## AIM OF THE TASK
Reproduce, exactly and in full, the lines from the one with "De inkomhal biedt" through the one with "Superato un breve" in the data below; drop pictures.

## RECORDS PROVIDED
┄┄┄┄┄┄
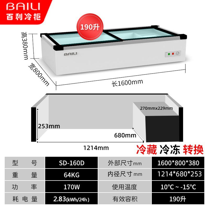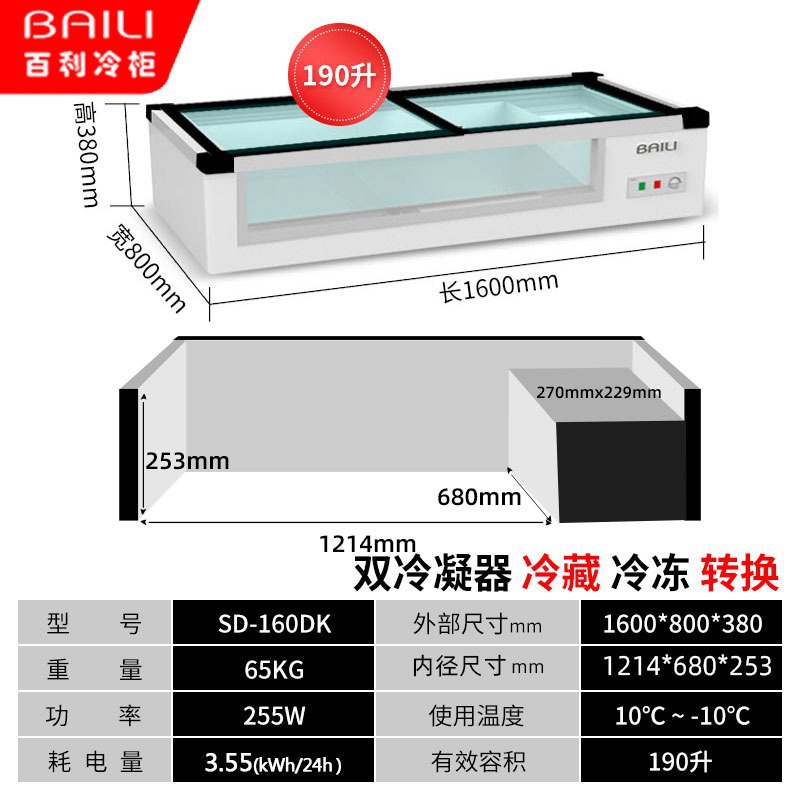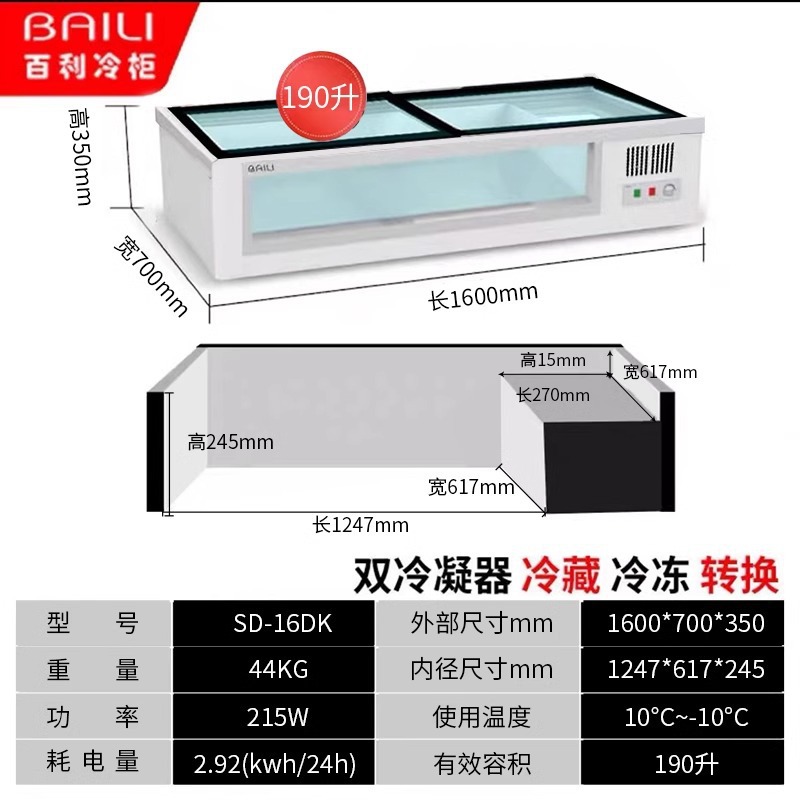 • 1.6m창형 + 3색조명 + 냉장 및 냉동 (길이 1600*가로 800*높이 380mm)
┄┄┄┄┄┄
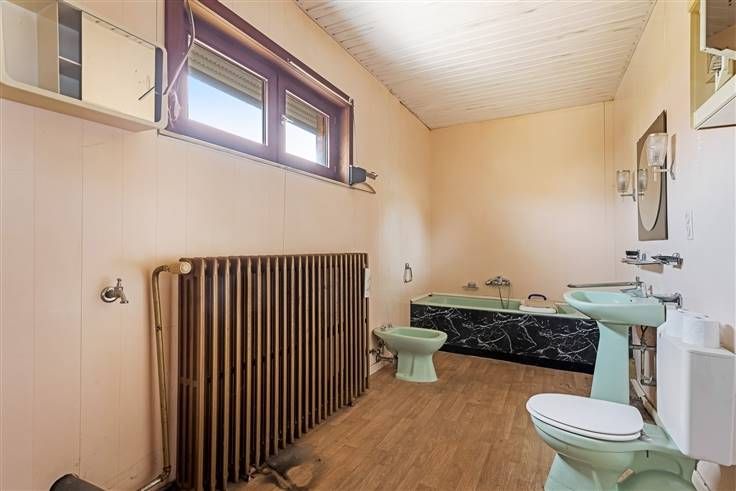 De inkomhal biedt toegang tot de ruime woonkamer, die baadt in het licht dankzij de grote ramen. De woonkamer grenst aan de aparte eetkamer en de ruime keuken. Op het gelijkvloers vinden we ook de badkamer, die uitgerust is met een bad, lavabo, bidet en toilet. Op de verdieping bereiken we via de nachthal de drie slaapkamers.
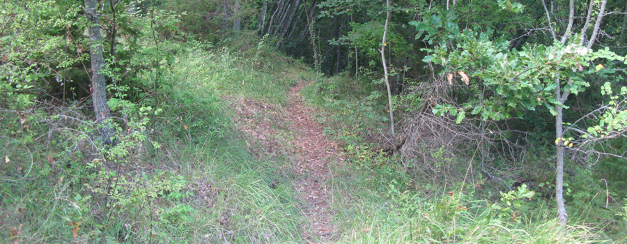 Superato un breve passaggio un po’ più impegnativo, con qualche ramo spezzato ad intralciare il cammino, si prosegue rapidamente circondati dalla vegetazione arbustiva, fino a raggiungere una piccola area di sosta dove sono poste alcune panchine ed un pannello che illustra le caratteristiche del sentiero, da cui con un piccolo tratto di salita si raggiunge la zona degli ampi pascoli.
┄┄┄┄┄┄
## RESPONSE FOR THIS EXERCISE
 De inkomhal biedt toegang tot de ruime woonkamer, die baadt in het licht dankzij de grote ramen. De woonkamer grenst aan de aparte eetkamer en de ruime keuken. Op het gelijkvloers vinden we ook de badkamer, die uitgerust is met een bad, lavabo, bidet en toilet. Op de verdieping bereiken we via de nachthal de drie slaapkamers.
 Superato un breve passaggio un po’ più impegnativo, con qualche ramo spezzato ad intralciare il cammino, si prosegue rapidamente circondati dalla vegetazione arbustiva, fino a raggiungere una piccola area di sosta dove sono poste alcune panchine ed un pannello che illustra le caratteristiche del sentiero, da cui con un piccolo tratto di salita si raggiunge la zona degli ampi pascoli.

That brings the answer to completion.